RSA, is it really that simple?

Prelude

Good day, dear readers.
Most likely, most of you know what the asymmetric RSA encryption algorithm is. In fact, so many articles are devoted to this issue on the whole Internet and on this resource in particular, that it is almost impossible to say something new about it.
Well, there, by God, you can still come up with and so everything is understood long ago. The recipe is simple:
Two prime numbers P and Q.
Multiply to get the number N.
Choose arbitrary E.
Find D = E ^-1 (mod ( P-1 ) ( Q-1 )).
To encrypt a message, M is raised to the power of E modulo N. To decrypt the cryptotext C to the power of D along the same modulus N. All crypto-primitive is ready. We take and use, right? In fact, not so. The thing is that this is really nothing more than a crypto-primitive and in the real world everything is a bit more complicated.

A bit of theory

In order to understand why it is extremely not recommended to use RSA in its most simple form, we first note the following requirement put forward to asymmetric cryptosystems.
Requirement 1:
A modern asymmetric cryptosystem can (but this is not a fact) be considered resistant if an attacker, having two plaintext M ₁ and M ₂ , as well as one ciphertext C _b , with a probability greater than 0.5, cannot determine which of the two plaintext ciphertext C _b .
See if RSA meets this requirement. So let's imagine the attacker Malory listens to Alice and Bob's correspondence.

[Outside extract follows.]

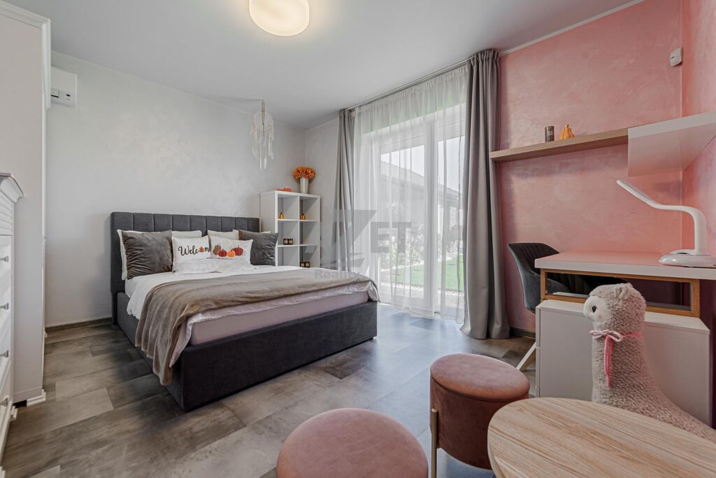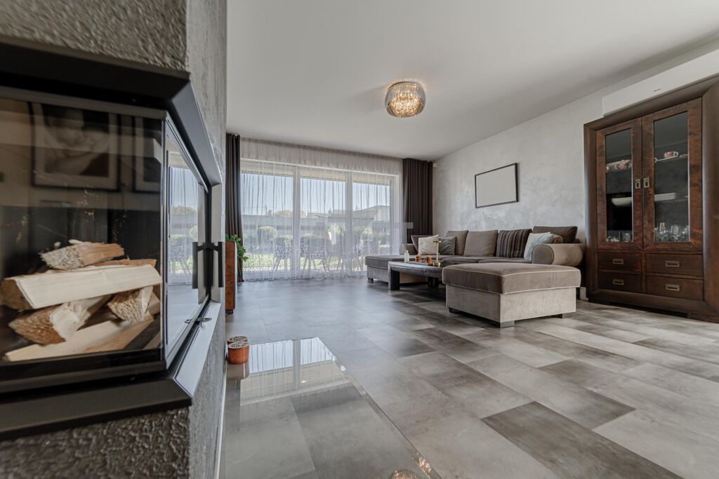 1. NP - V kuchyni otevřené do hlavní obytné místnosti se nachází moderní rohová kuchyňská linka ve tvaru U vyrobená řemeslně na míru, v provedení bílo-šedá, vybavená kvalitními spotřebiči (myčka, lednice, horkovzdušná trouba, sklokeramická varná deska, digestoř). Dominantou obývacího prostoru je krb, který zajišťuje příjemnou atmosféru i tepelný komfort v chladnějších měsících. Z obývací místnosti je přímý vstup na dlážděnou terasu (betonová dlažba) s posezením a výsuvnou pergolou. Z dalších pokojů je vstup přímo na zahradu.

On one wonderful day for himself, he sees that Bob, in the clear, asked Alice a very important question, knowing which answer would enrich, well, or at least immensely amuse Malori’s curiosity. Alice monosyllabically answers Bob to this personal question. She encrypts her response with Bob’s public key and sends a ciphertext. Further, Malory intercepts the ciphertext and suspects that either "Yes" or "No" is encrypted in it. All he now needs to do in order to find out Alice’s answer is to encrypt the word “Yes” with Bob’s public key and if the received cryptotext matches the intercepted, it means that Alice answered “Yes”, otherwise the attacker will understand that it was no.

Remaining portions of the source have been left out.